Despite stopping selling them, banks did not cancel the policies they had already sold, and the FMA estimates insurers have been making $20 million in premiums each year from about 400,000 policies that have not been cancelled.
Communication from insurers and the banks that sold credit card insurance, and consumer understanding, was so poor people forgot they had it, and never submitted claims, the FMA found.
The regulator found some people thought they had no choice but to accept the insurance, if they wanted a credit card.
Some people carried on paying their premiums, even when they got so old many of the benefits of credit card insurance no longer applied to them.
Often, after a policyholder turned 65, the fine print of credit card insurance policies excluded them from making claims for being made redundant, bankrupt, or becoming disabled.
“Several participants told us they do not contact customers when such a milestone occurs,” said James Greig, the FMA’s director of supervision.
Insurers and banks systems were so poor, when policyholders died, their estates were not always contacted, avoiding claims. Sometimes premiums were charged to the credit cards of dead people.
“There were multiple failings we have seen in that space,” said Greig.
The FMA also found insurers failing to cancel policies even when policyholders got so old they could make no claims at all, or when they told their bank, or insurer, that they no longer wanted them.
When banks sold credit card insurance, card holders were given little to no help deciding whether it was suitable for them.
“This is unacceptable,” Greig said.
“New Zealanders should check if they have credit card repayment insurance and ask themselves whether they still need it,” he said.
Tough new laws due to come into force next year would require banks and insurers to ensure customers’ interests were prioritised, he said.
That would require banks and insurers to check each year whether credit card repayment insurance was suitable for each policyholder.

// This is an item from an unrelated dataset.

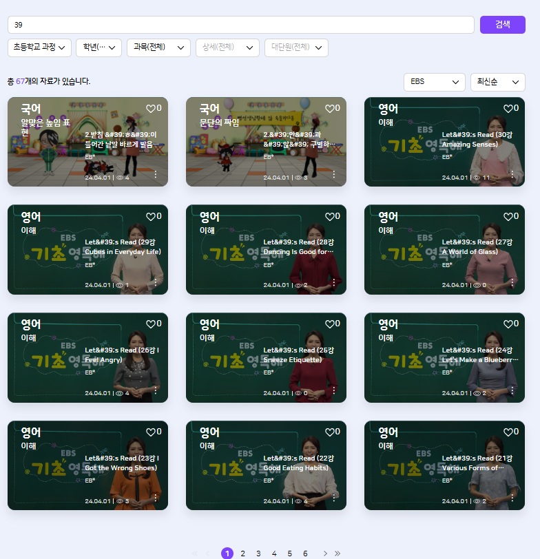 | Steps To Reproduce | 1. 학습 콘텐츠 > 영상 2. 초등학교 과정 3. 39로 검색 | ||||
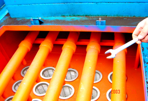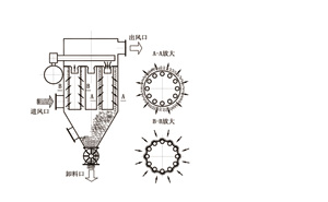 具有离线清灰、离线检修功能(即可实现不停机检修)、采用固定式管喷清灰技术的高效低压脉冲袋式除尘器的过滤方式为外滤式,即含尘气体在滤袋外、过滤后的洁净气体在滤袋内部,并通过排风总管排放。

Banks and insurers could face legal action, he said.
“The issues uncovered in this review are concerning and the FMA’s inquiries remain ongoing,” he said.
Some insurers had set money aside to compensate customers.
“A number of the providers have got extensive remediation plans,” Greig said.
The biggest insurers in the market were Cigna (the insurer for ANZ, Kiwibank and BNZ policies), Westpac Life, AIA Life (the insurer for ASB policies), and Hallmark Life (the insurer for GEM cards).
Cigna’s latest accounts show $9.3m set aside for compensation at the end of December, but do not specify what for.
Banks say they have made changes to the way their credit card insurance customers.
A Kiwibank spokeswoman said the bank now wrote to its policyholders every six months to check they understood their cover, and wanted to continue with it.
An ANZ spokeswoman said the bank had enhanced policies, dropped the price, and: “Where we find an issue, we go to some lengths to ensure we put customers right, and refunding premium as well as interest, any relevant fees, and additional compensation for the inconvenience.”
ANZ was fined $280,000 in March for misleading customers over credit card insurance, and in some instances double-charging them. ANZ stopped selling credit card repayment insurance in 2019.
Kiwibank was the last of the big five banks to stop selling credit card repayment insurance, ending sales in April.
ASB stopped selling the insurance in February 2018, shortly after its parent bank Commonwealth Bank of Australia paid A$10m (NZ$10.34m) in refunds to 65,000 students and unemployed people unable to claim on the redundancy cover portion of its policies.
BNZ stopped selling it in October 2018, a full year before its parent National Australia Bank settled a class action lawsuit for A$49.5m.
Westpac stopped selling credit card repayment insurance in 2019.
Hallmark Life, which provides loan repayment insurance to GEM credit cards, stopped selling loan protection insurance last year.